── SUPPLIED MATERIAL ──

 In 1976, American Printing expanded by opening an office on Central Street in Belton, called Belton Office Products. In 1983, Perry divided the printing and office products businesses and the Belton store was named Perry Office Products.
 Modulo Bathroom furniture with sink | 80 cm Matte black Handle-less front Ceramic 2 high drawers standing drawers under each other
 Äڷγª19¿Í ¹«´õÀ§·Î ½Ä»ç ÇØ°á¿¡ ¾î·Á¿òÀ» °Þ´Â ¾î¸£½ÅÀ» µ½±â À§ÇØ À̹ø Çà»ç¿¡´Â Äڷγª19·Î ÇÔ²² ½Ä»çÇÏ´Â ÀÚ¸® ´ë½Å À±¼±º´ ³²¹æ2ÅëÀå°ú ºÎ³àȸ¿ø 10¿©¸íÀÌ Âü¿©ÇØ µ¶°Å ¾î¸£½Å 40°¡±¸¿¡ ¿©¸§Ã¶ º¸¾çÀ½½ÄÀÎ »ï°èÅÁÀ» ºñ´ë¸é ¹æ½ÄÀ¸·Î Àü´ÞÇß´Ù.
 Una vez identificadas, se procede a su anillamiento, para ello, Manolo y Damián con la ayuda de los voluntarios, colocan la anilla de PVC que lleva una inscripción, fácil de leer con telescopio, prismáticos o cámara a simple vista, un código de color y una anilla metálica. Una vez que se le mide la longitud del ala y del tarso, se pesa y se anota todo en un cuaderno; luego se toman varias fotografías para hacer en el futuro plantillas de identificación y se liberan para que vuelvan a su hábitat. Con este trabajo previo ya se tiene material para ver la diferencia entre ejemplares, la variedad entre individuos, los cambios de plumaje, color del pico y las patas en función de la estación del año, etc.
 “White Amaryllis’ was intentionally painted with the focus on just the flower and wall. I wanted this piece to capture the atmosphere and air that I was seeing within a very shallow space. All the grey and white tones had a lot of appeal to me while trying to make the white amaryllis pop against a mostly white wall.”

───
── SUPPLIED MATERIAL ──

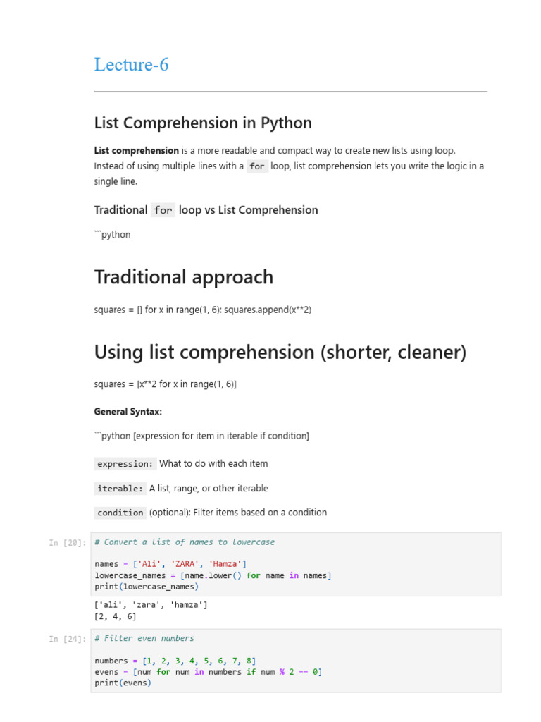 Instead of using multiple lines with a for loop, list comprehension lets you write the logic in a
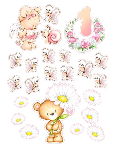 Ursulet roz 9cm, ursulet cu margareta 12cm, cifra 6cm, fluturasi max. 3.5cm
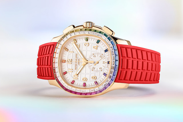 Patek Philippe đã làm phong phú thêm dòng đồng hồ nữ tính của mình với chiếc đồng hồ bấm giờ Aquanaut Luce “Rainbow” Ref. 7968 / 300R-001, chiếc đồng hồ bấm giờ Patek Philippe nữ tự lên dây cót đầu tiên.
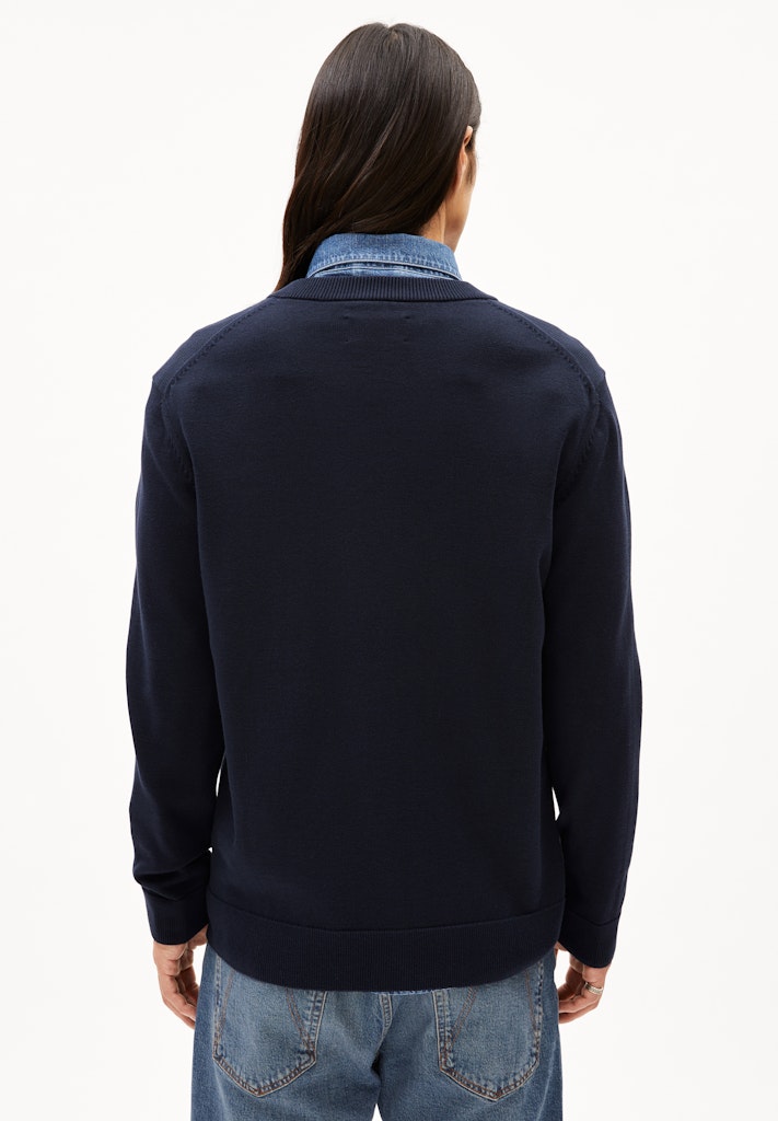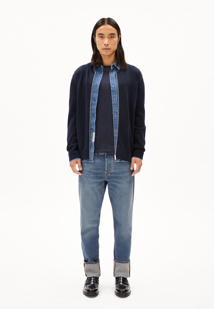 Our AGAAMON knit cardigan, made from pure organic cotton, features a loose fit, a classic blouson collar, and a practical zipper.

───

» EXERCISE PROMPT: Whatever pictures the records hold, omit them; give again exactly the lines from the one containing "Instead of using" through the one containing "Our AGAAMON knit".

» SOLUTION TO THIS TASK:
 Instead of using multiple lines with a for loop, list comprehension lets you write the logic in a
 Ursulet roz 9cm, ursulet cu margareta 12cm, cifra 6cm, fluturasi max. 3.5cm
 Patek Philippe đã làm phong phú thêm dòng đồng hồ nữ tính của mình với chiếc đồng hồ bấm giờ Aquanaut Luce “Rainbow” Ref. 7968 / 300R-001, chiếc đồng hồ bấm giờ Patek Philippe nữ tự lên dây cót đầu tiên.
 Our AGAAMON knit cardigan, made from pure organic cotton, features a loose fit, a classic blouson collar, and a practical zipper.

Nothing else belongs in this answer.